The SEC and the Commodity Futures Trading Commission (CFTC) have issued statements regarding just how Section 922 will be enforced. Specifically, before approaching the SEC, the whistleblower should address the matter internally to their company, through whatever ethics reporting structure is in place. This could serve to dissuade, rather than persuade, a would-be whistleblower from coming forward, unless of course they know that their company’s corporate governance policy is sound and trustworthy.

A corporate whistleblower program provides the organization with the ability to quickly respond to issues. By doing this, concerns about fraud and financial misconduct are reported, so corrective action can be taken before a securities law violation occurs and the SEC becomes involved, thereby protecting the company’s interests.

So just what are the best practices companies should follow to sustain an ethical business culture? Every company is a little different, with varying values and degrees of risk tolerance, but here are the essentials:

Tied directly into an ethics reporting system, case management resources consolidate, protect and manage information regarding the compliance matter. This same system is then called upon to track and augment, at a fundamental level, the business process in question. However, and all too often, a company’s risk management and policy compliance efforts are hampered by multiple silos of disparate information, spread across various departments including human resources, legal, loss prevention, compliance, finance, etc.

Companies must leverage risk metrics to more quickly identify areas of concern and potential mitigation before the issues flare out of corporate control — and therefore escalated to the levels denoted under Dodd-Frank. Using risk assessment metrics as well as compliance reports, companies can improve their compliance programs and risk mitigation strategies and overall improve the efficiencies in their business processes that identify, manage and act upon risk.

Dodd-Frank and Section 922 will drastically change the landscape of risk management.
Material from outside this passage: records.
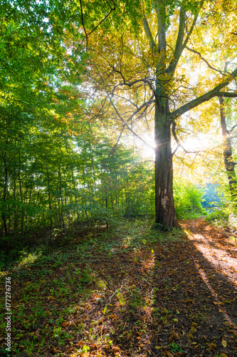 Fototapeta premium Sonnenstrahlen in einem Walden im Herbst
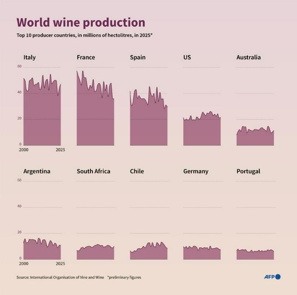 Paris (AFP) - Global wine production is on course for a modest recovery in 2025 after suffering a sharp downturn last year, the industry’s international body said Wednesday.
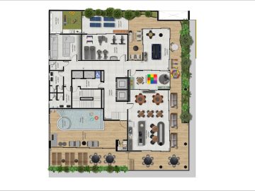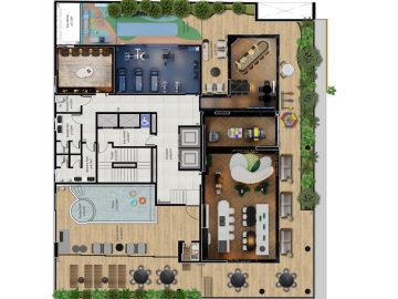 - Lounge e varanda com vista panorâmica: momentos de relaxamento e contemplação com a melhor vista da cidade.
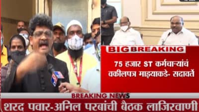 मुंबई : एसटी कर्मचाऱ्यांच्या संपावर तोडगा काढण्याच्या अनुशंगानं एक महत्त्वाची बैठक आज सह्याद्री अतिथी गृहावर पार पडली. या बैठकीत एसटी कर्मचाऱ्यांचे प्रतिनिधींनी शरद पवार आणि परिवहन मंत्री अनिल परब यांच्यासोबत चर्चा केली. प्रदीर्घ चर्चेनंतर या बैठकीबाबतची पत्रकार परिषद घेण्यात आली. या पत्रकार परिषदेत एसटी कर्मचाऱ्यांना तातडीनं रुजू होण्याचं आवाहन वेगवेगळ्या एसी कर्मचारी संघटनेच्या प्रतिनिधींनी केलं. इतकंच काय तर यावेळी एसटी कर्मचारी संघटनेच्या प्रतिनिधींनी गुणरत्न सदावर्ते यांच्यावरही निशाणा साधला.
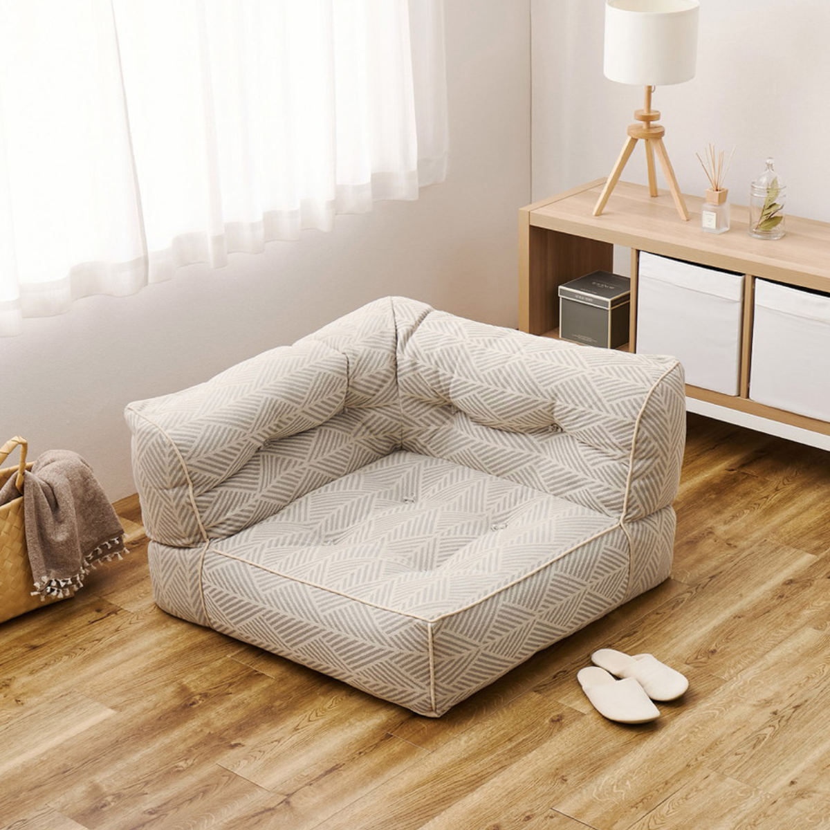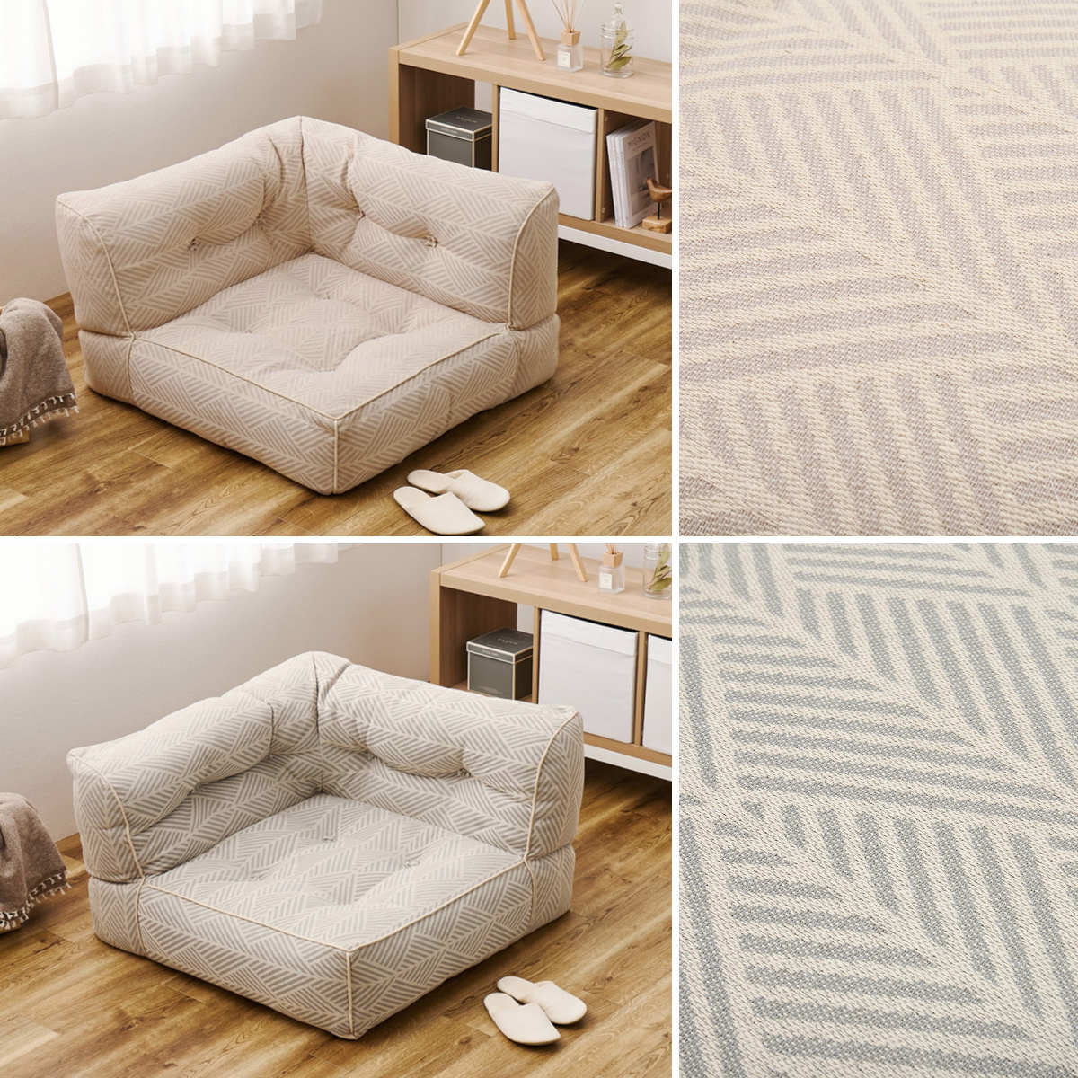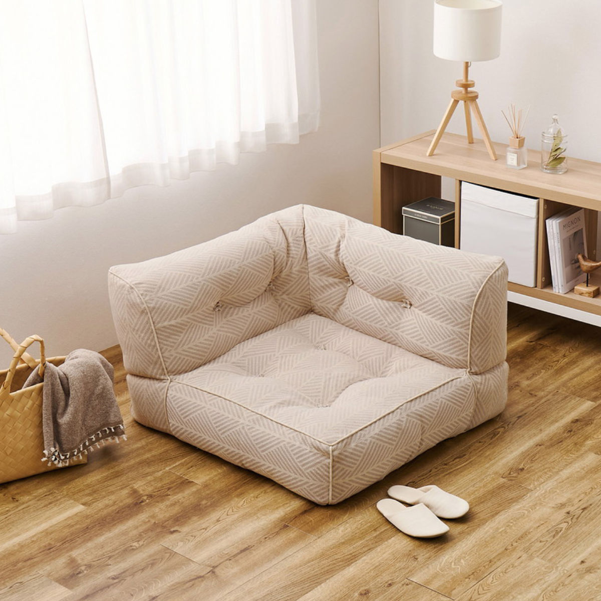やさしい色合いのヘリンボーン調コットン素材と、思わずころんと寝転びたくなる包み込まれるようなフォルムが、空間にふんわりとした温もりと可愛らしさを演出します。北欧テイストやナチュラルインテリアとの相性もよく、置くだけでお部屋がやわらかな印象に。
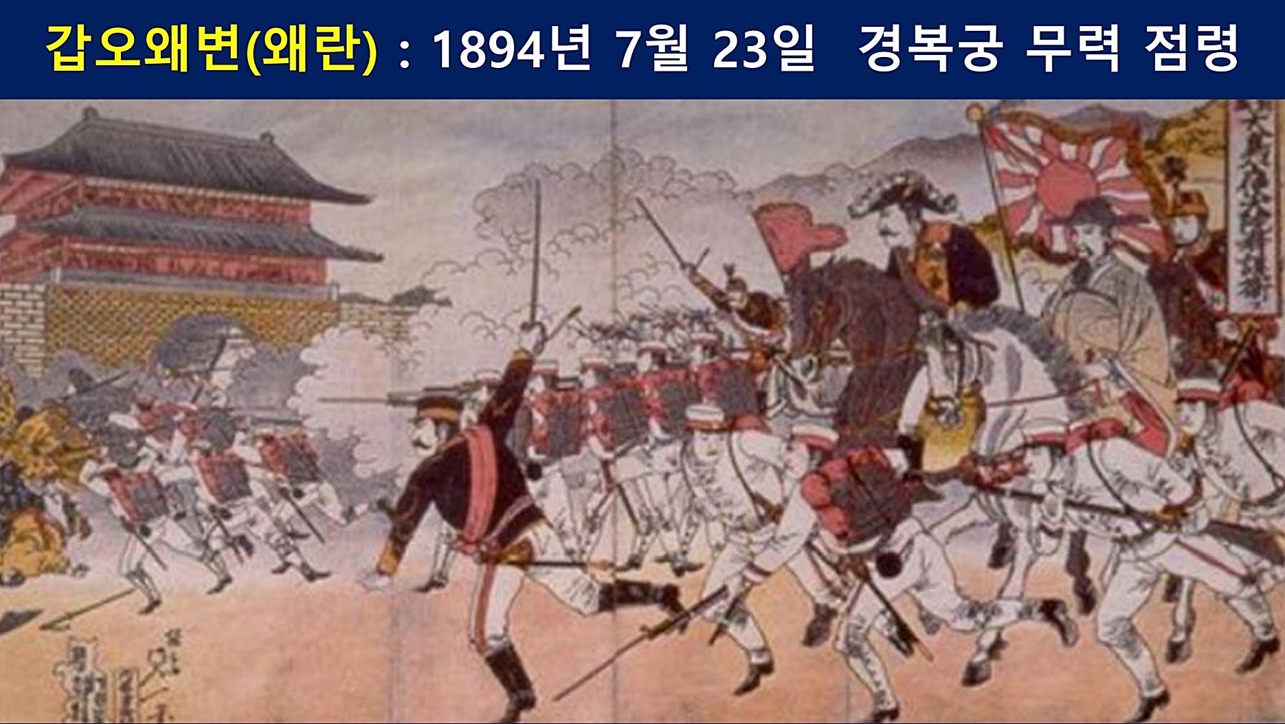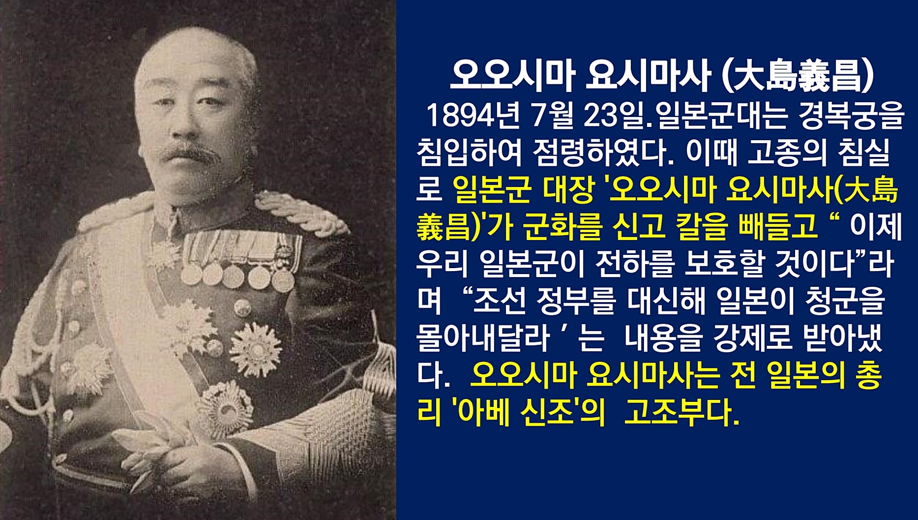 조선에 거주하는 일본인 보호와 천진조약 등의 명분으로 조선에 들어온 일본군은 1894년 7월 23일 조선의 임금이 계신 경복궁을 군홧발로 짓밟고 임금과 왕비를 겁박합니다. 조선의 고종과 중전을 인질로 삼은 일본군 지휘관은 군국주의 부활을 꿈꾼 아베 신조(1954~2022)의 정신적 지주 중 한 명인 외고조할아버지 오시마 요시마사(1850~1926)입니다.
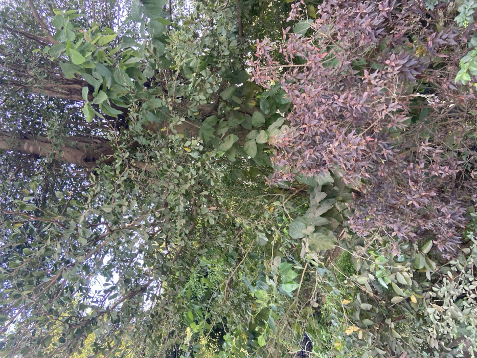 A dense canopy of trees and foliage fills the frame, looking upwards. A thick, light-colored trunk is visible on the left. Various green leaves intermingle, from small and rounded to large and ovate. A section of reddish-purple leaves stands out among the green, adding a contrasting color element. Thin branches weave through the thick vegetation, creating a textured, natural scene. A glimpse of the sky can be seen in the background.
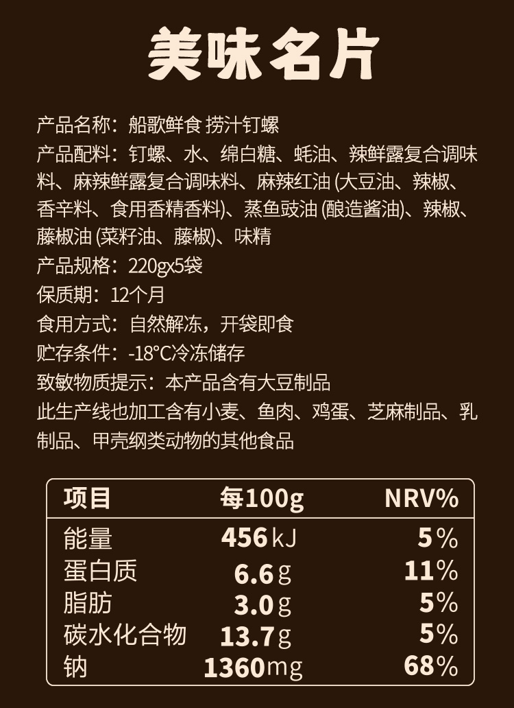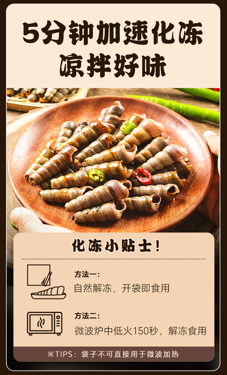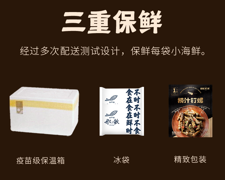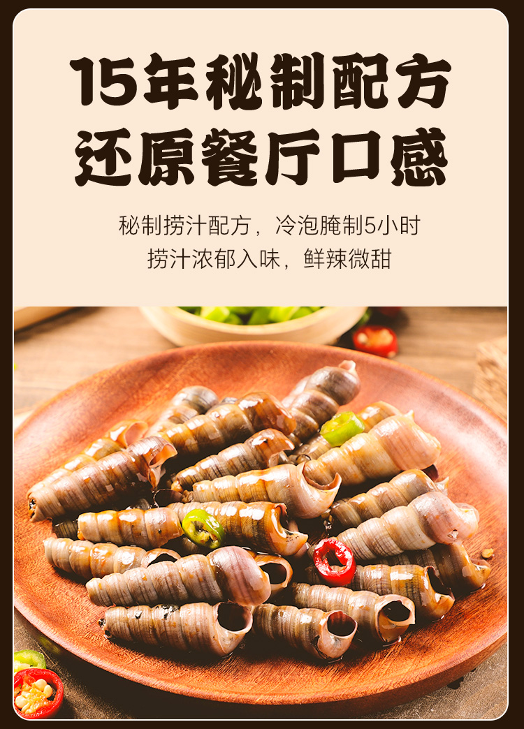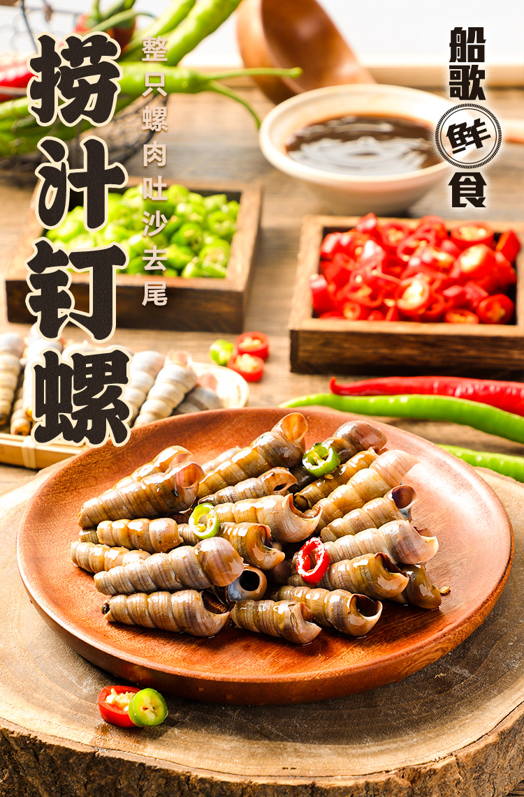 船歌鲜食香辣捞汁钉螺解冻即食海鲜方便速食220g*5袋简装

Today’s companies – if they are to be around and solvent for very long – must enact compliance, hotline, corporate ethics and whistleblower policies that protect company interests and the whistleblower alike. Risk must be proactively managed, in a holistic fashion. Whistleblower programs must ensure all would-be participants that their information will remain privileged and their actions deemed valuable in the larger perspective to the entire organization. It is not only the program itself, but more importantly, how it is managed and refined, that will prove most beneficial to strategic corporate decision-making.